The mast that Radio Atlantis commissioned remained standing aboard Mi Amigo until the ship sank in 1980, and thereafter remained above water as a marker of the wreck's position for several years.

Meanwhile, Radio Mi Amigo, which parted company with Radio Caroline in 1978, was relaunched from its own vessel, MV Magdalena on 1 July 1979, although this only lasted until 21 September 1979 when the MV Magdalena stranded during a Force 8 gale at the shore of Goeree. It was not until 1999 that Van Landschoot admitted the open secret that he had been involved with the relaunch of his former rival station, again aimed at the promotion of his Carnaby clothing and boutiques, and records of artists he was managing at the time: Dream Express, its offspring L.B.S., Luke and Puzzle. In 1980 he established a new record company, Mouse Music. The company specialized in dance records, which were heavily promoted via discotheques and vrije radio ("free radio": unlicensed, commercially-run FM pirate radio stations in Belgium. Such stations existed until 1986/1987 when the remaining stations, most of which had been clustered together, became legalized and licensed).

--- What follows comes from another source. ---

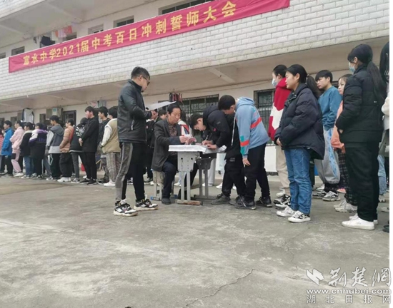 上午9時許,在活動現(xiàn)場,學(xué)生們井然有序地排起了長隊。富水中學(xué)的教師們?yōu)楂@得本次資助的210名學(xué)生現(xiàn)場發(fā)放了60000元資困助學(xué)金,并勉勵學(xué)子們努力學(xué)習(xí)、早日成才、傳遞愛心、回報社會。

==Documentary; Reference==
In 1982 Offshore Echo's produced a documentary LP, entitled Offshore Echos Presents: The Story of Radio Atlantis. The LP was produced by Chris Edwards and featured numerous interviews with the station's staff and DJs, as well as airchecks and jingles provided by Steve England. This was reissued on CD in 1996. Some of the information in this article is derived from this documentary.